The 25 Best Movies Of 2020 We've Already Seen

Beanpole
Directors: Kantemir Balagov
Cast: Viktoria Miroshnichenko
, Vasilisa Perelygina, and Andrey Bykov
Synopsis: 
Two Russian soldiers return to their hometown in the months following World War II, each struggling to adjust to their post-war lives of motherhood and work.
Why You Should See It: For many Eastern European filmmakers, the post-war years were spent attempting to make some sense of the death and destruction visited on their cities. “Beanpole,” the much-lauded 2019 Cannes Film Festival premiere, follows in these same footsteps. Our own Jordan Ruimy praised the work of sophomore filmmaker Balagov as a “damn-near radical” feature, albeit one entirely disinterested in “mainstream movie audiences taste and rhythms.”
Our Review: 
 B+ (Cannes Film Festival)
Release Information: “Beanpole” will receive a theatrical release on January 29, 2020.

Blow the Man Down
Directors: Danielle Krudy and  Bridget Savage Cole
Cast: Sophie Lowe
Morgan Saylor, and Margo Martindale
Synopsis: 
After the sudden death of their mother, the Connolly sisters must learn to fend for themselves when an act of self-defense puts them on the wrong side of the law in a coastal Maine town.
Why You Should See It: If you make a black comedy that combines hapless criminals with small town absurdity, you’d better be sure you know where the Coen Brothers filmography ends and your film begins.
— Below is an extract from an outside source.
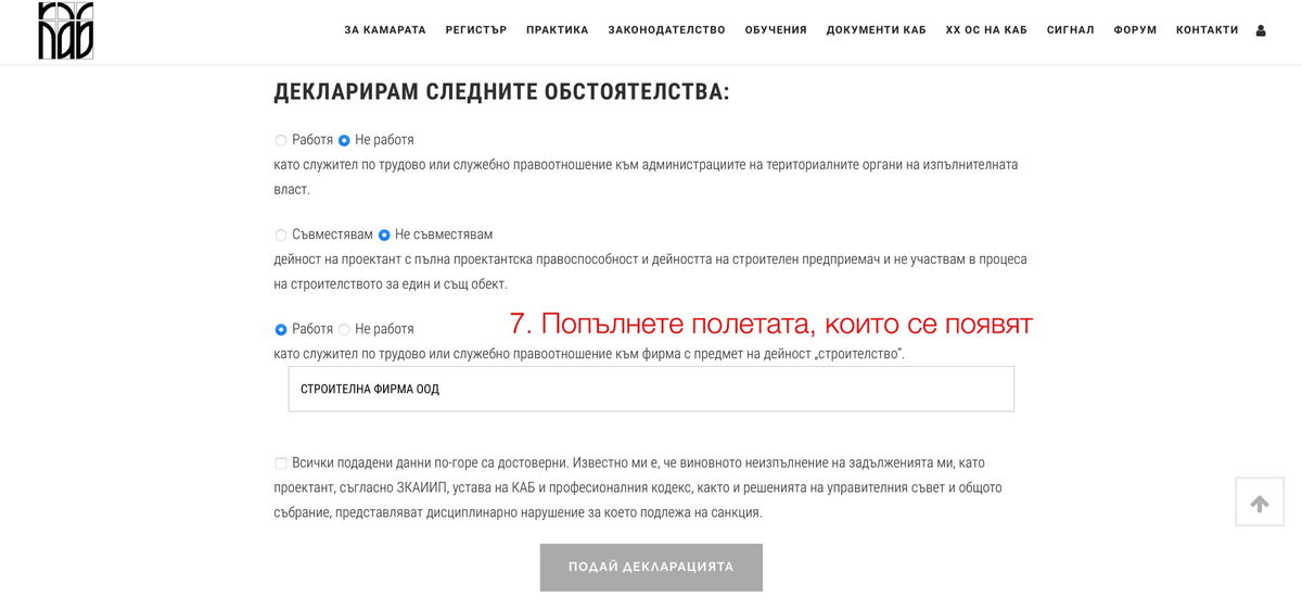 7. При необходимост попълнете данни в полетата, които се появяват.

Thankfully, Krudy and Savage Cole power their feature with what our own Ally Johnson could only call a “feminist fury.” Just when you think you have “Blow the Man Down” figured out, Johnson wrote, the film “twists and turns to say things about unturning a blind eye, small-town dynamics, family, and something warmer about the legacy of wise women who have seen much more than you know.”
Our Review:  B+ (Tribeca Film Festival)
Release Information: “Blow the Man Down” will premiere on Amazon Prime sometime in 2020.

The Climb
Directors: Michael Angelo Covino
Cast: Michael Angelo Covino
, Kyle Marvin, and Gayle Rankin
Synopsis: 
The friendship of two men ebbs and flowers over the years after the revelation that one of them slept with the other’s fiancée.
Why You Should See It: American comedies are very good at making us think all of the important relationships in life will sort themselves out in three seasons or less. Then there are films like “The Climb,” which posit our most enduring relationships – the friendships and romances that we will carry with us long into adulthood – spill out over the span of years. Covino’s debut feature earned praise as a comedy standout at the oh-so-serious Cannes Film Festival, where our Caroline Tsai described it as a “relentlessly funny, affecting comedy.”
Our Review:  A- (Cannes Film Festival)
Release Information: “The Climb” will receive a theatrical release on March 20, 2020.

Collective
Director: Alexander Nanau
Synopsis: 
This Romanian documentary follows the staff of the local newspaper Sports Gazette as they chase down a medical conspiracy that reaches the highest levels of public office.
Why You Should See It: The best documentaries, like the 2019 standout “Honeyland,” avoid the temptation to underline obvious parallels to broader socioeconomic concerns. With a narrative structured around journalistic integrity and political corruption, “Collective” will undoubtedly resonate with moviegoers in the United States, but our own Christian Gallichio argues that its emphasis on locality makes for a stronger feature. “The story at the heart of ‘Collective’ is one of the most fascinating cover-ups in recent memory,” Gallichio wrote, “and the film is nothing short of a nail-biting thriller.”
Our Review:  A (Toronto International Film Festival)
Release Information: “Collective” will receive a theatrical release sometime in spring 2020.

Color Out of Space
Director: Richard Stanley
Cast: Nicolas Cage
, Joely Richardson, Q’orianka Kilcher, and Tommy Chong
Synopsis: 
When a meteorite crashes in the back yard of an uptight New England family, its presence and unearthly glow begins to untether everything it touches from the rational world.
Why You Should See It: Richard Stanley has pretty good word-of-mouth for someone who has been out of the Hollywood game for three decades. Here the director of the cult-classic “Hardware” has found the perfect outlet for his one-of-a-kind aesthetic: an H.P. Lovecraft story that allows, nay, demands the most psychedelic storytelling Stanley and his merry band of collaborators can muster. Throw in Cage offering his standard half-brilliant, half-mad performance, and you have what our Charles Bramesco could only describe as a “headlong leap into lunatic grotesquerie.”
Our Review:  B (Toronto International Film Festival)
Release Information: “Color Out of Space” will receive a theatrical release on January 24, 2020.